» **TASK BRIEF**
When you reach the line with "The Green Lion", transcribe it and each line after it through the last one below, exactly. Pictures stay out.

--- DATA PROVIDED Enclosed Below ---

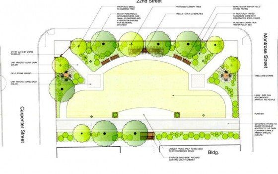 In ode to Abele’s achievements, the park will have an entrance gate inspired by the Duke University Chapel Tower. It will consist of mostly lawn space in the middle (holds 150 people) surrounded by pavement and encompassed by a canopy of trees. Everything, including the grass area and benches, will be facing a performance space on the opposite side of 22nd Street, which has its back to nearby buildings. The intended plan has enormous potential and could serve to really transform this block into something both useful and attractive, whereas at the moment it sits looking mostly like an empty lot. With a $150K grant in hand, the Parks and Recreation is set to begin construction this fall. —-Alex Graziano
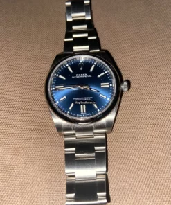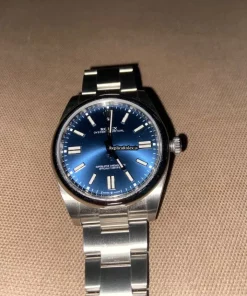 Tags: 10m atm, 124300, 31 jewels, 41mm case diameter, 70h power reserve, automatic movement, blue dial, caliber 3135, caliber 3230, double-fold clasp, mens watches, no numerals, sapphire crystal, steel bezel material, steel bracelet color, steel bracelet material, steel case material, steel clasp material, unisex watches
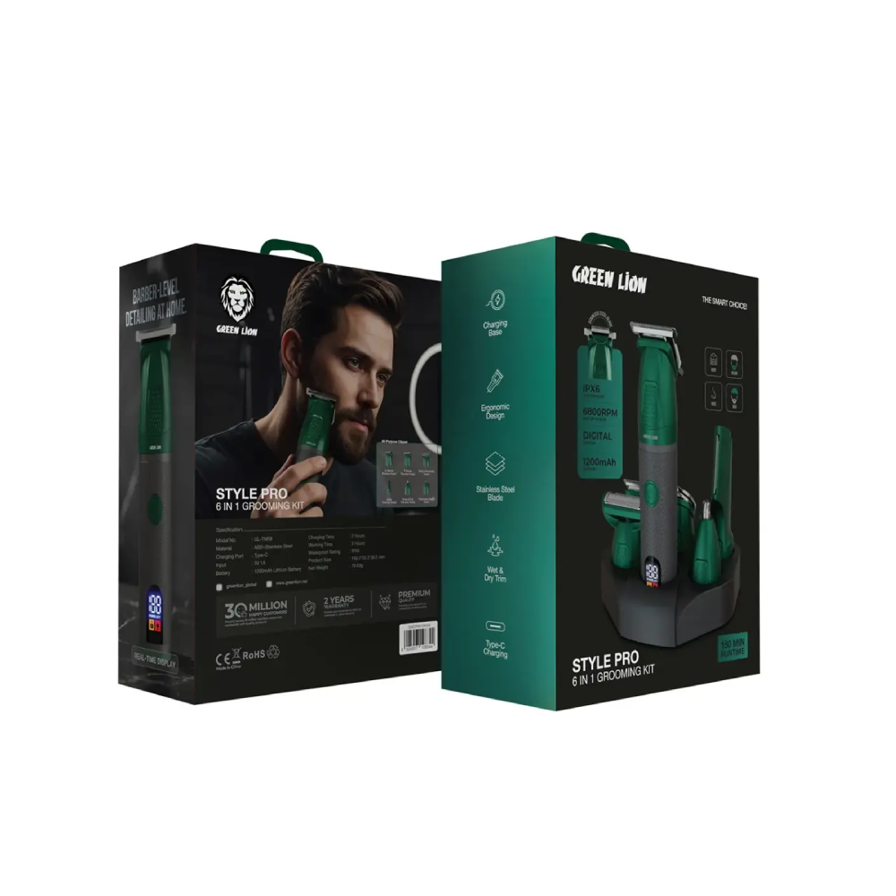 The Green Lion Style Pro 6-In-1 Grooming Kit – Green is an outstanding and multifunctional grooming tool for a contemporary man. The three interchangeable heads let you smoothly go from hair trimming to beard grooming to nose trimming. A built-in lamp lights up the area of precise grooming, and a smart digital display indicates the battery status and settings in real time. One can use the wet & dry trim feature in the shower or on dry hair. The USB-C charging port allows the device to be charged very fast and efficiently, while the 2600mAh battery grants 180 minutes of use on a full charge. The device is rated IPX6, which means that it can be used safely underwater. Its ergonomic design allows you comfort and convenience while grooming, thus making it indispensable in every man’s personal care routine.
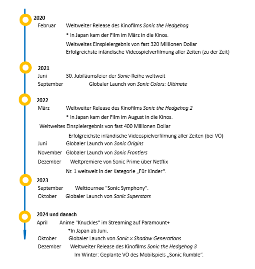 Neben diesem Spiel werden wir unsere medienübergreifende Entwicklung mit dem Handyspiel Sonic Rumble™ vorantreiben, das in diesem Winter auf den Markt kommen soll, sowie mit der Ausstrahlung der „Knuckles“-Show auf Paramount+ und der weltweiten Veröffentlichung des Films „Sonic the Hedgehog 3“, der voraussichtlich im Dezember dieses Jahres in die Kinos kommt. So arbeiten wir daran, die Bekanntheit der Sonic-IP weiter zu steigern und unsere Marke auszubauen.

--- End of Enclosed DATA PROVIDED ---

» **RESPONSE AREA**
 The Green Lion Style Pro 6-In-1 Grooming Kit – Green is an outstanding and multifunctional grooming tool for a contemporary man. The three interchangeable heads let you smoothly go from hair trimming to beard grooming to nose trimming. A built-in lamp lights up the area of precise grooming, and a smart digital display indicates the battery status and settings in real time. One can use the wet & dry trim feature in the shower or on dry hair. The USB-C charging port allows the device to be charged very fast and efficiently, while the 2600mAh battery grants 180 minutes of use on a full charge. The device is rated IPX6, which means that it can be used safely underwater. Its ergonomic design allows you comfort and convenience while grooming, thus making it indispensable in every man’s personal care routine.
 Neben diesem Spiel werden wir unsere medienübergreifende Entwicklung mit dem Handyspiel Sonic Rumble™ vorantreiben, das in diesem Winter auf den Markt kommen soll, sowie mit der Ausstrahlung der „Knuckles“-Show auf Paramount+ und der weltweiten Veröffentlichung des Films „Sonic the Hedgehog 3“, der voraussichtlich im Dezember dieses Jahres in die Kinos kommt. So arbeiten wir daran, die Bekanntheit der Sonic-IP weiter zu steigern und unsere Marke auszubauen.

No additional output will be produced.